葉巡握著那枚血色玉簡,眼中閃爍著瘋狂的光芒。

“葉玄……”

他咬牙切齒。

“你給我等著!”

……

天庭深處,一間隱藏在虛空中的密室。

空間微微波動,那道血袍身影,浮現而出。

密室中央,一尊血色的蓮花法器靜靜懸浮,散發著詭異的魔光。

“尊上。”

血袍上前,單膝跪地。

“那葉巡已經答應了。

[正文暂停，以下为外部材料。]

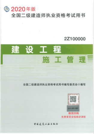 报名时间2020年二级建造师考试《建设工程施工管理》教材已经发布,教材封面如下:(点击查看各科目教材简介汇总>>)

”

“秘法和血,都已交給他。”

嗡!

血蓮輕輕震顫,一道低沉的聲音從中傳出。

“嗬嗬……”

“好。”

血袍抬起頭,臉上帶著一絲疑惑。

“尊上,屬下有一事不明。”

“那葉巡不過是個廢物,就算煉化了天魔血,又能如何?何必在他身上浪費如此珍貴的本源?”

“嗬嗬。”

那低沉的聲音輕笑。

“你不懂。”

“隻要那葉巡煉化了天魔血,一切,就都值得。”

“隻要他成功,便可解封滅天帝體。”

“屆時……”

血蓮微微顫動,一朵花瓣緩緩綻放。

“便可開啟界海星門。”

血袍瞳孔驟縮!

界海星門!

那是異域與這一界之間,最後的通道!

“之前那條路,已經被那葉玄毀了。”

那聲音繼續道,帶著一絲陰冷的恨意。

“剩下的小路,也都被那老不死的葉天帝毀得七七八八。”

“如今……”

血蓮中,那雙眸子緩緩睜開。

“我們隻剩下這唯一的一條路。”

“所以。”

“葉巡,必須成功!”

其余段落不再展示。